The hill mynas are popular cage birds, renowned for their ability to imitate speech. The widely
distributed common hill myna is the one most frequently seen in aviculture. Demand outstrips
captive breeding capacity, so they are rarely found in pet stores and usually purchased directly
from breeders or importers who can certify the birds are traded legally.[citation needed]

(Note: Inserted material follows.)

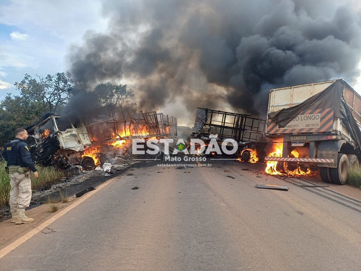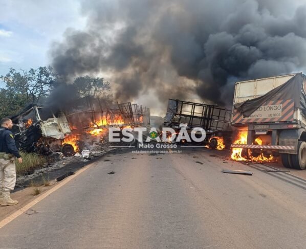 Um motorista, ainda não identificado, morreu após uma violenta colisão registrada na BR-174, nas proximidades do km 500, em Comodoro (640 km de Cuiabá), sentido Vilhena, no final da tarde desta sexta-feira, 30 de janeiro. Após o impacto, os veículos pegaram fogo, deixando um rastro de fumaça que dava para ser visto de longe.
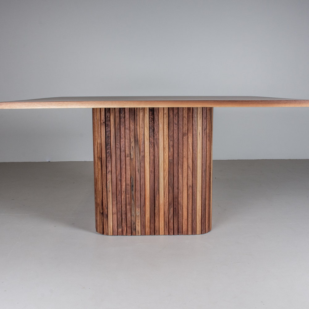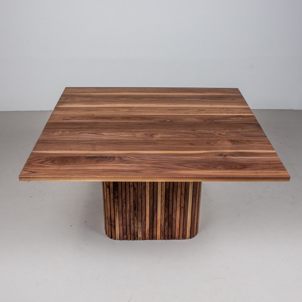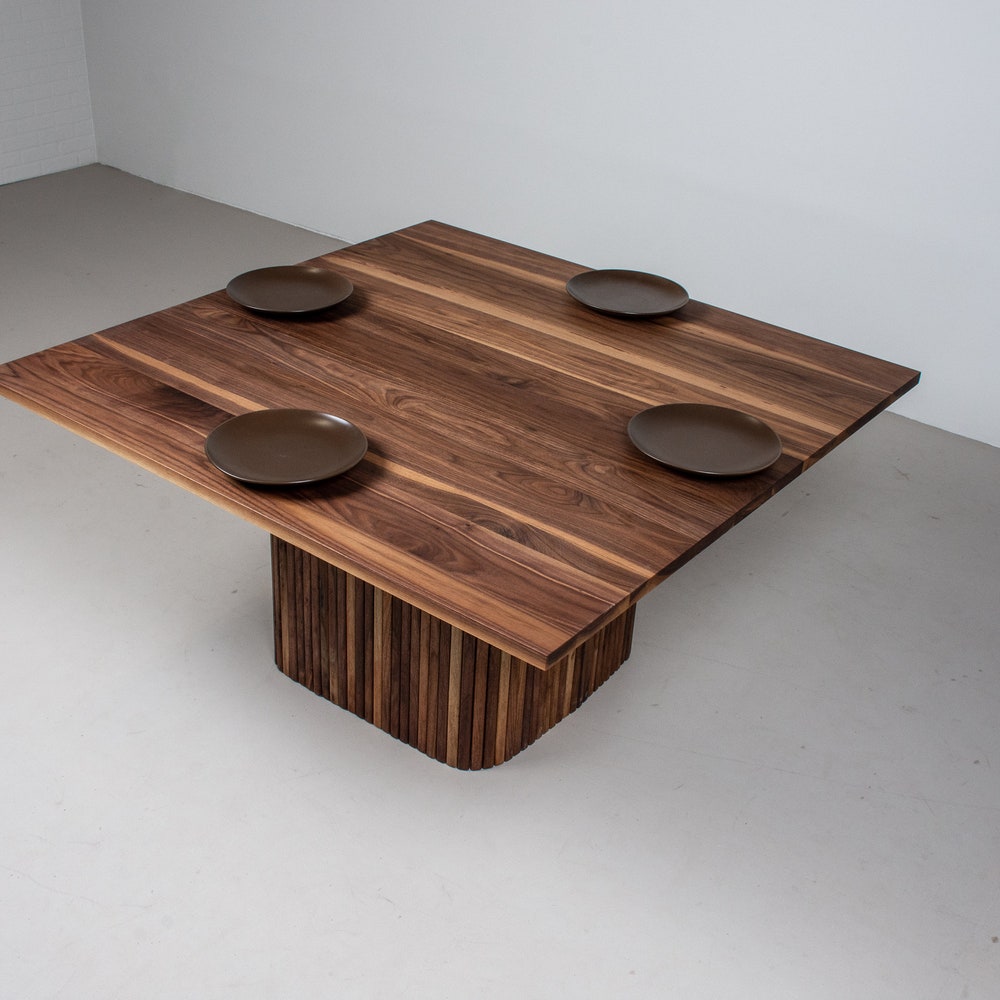 Celebrate a square dining room with a square pedestal dining table. This particular table is made of walnut and has a fluted base that adds an architectural element to the space. We build every table to order so there are many ways to make this table perfect for you.

This species is widely distributed and locally common, and if adult stocks are safeguarded, it is
able to multiply quickly. On a worldwide scale, the IUCN thus considers the common hill myna
a Species of Least Concern. But in the 1990s, nearly 20,000 wild-caught birds, mostly adults and
juveniles, were brought into trade each year. In the central part of its range, G. r. intermedia
populations have declined markedly, especially in Thailand, which supplied much of the thriving
Western market. Its neighbor countries, from where exports were often limited due to political or
military reasons, nevertheless supplied a burgeoning domestic demand, and demand in the entire
region continues to be very high. In 1992, Thailand had the common hill myna put on CITES
Appendix III, to safeguard its stocks against collapsing. In 1997, at the request of the
Netherlands and the Philippines, the species was uplisted to CITES Appendix II. The Andaman
and Nicobar Islands subspecies G. r. andamanensis and (if valid) G. r. halibrecta, described as
"exceedingly common" in 1874, qualified as Near Threatened in 1991. The former is not at all
common anymore in the Nicobar Islands and the latter—if distinct—has a very limited range.[8]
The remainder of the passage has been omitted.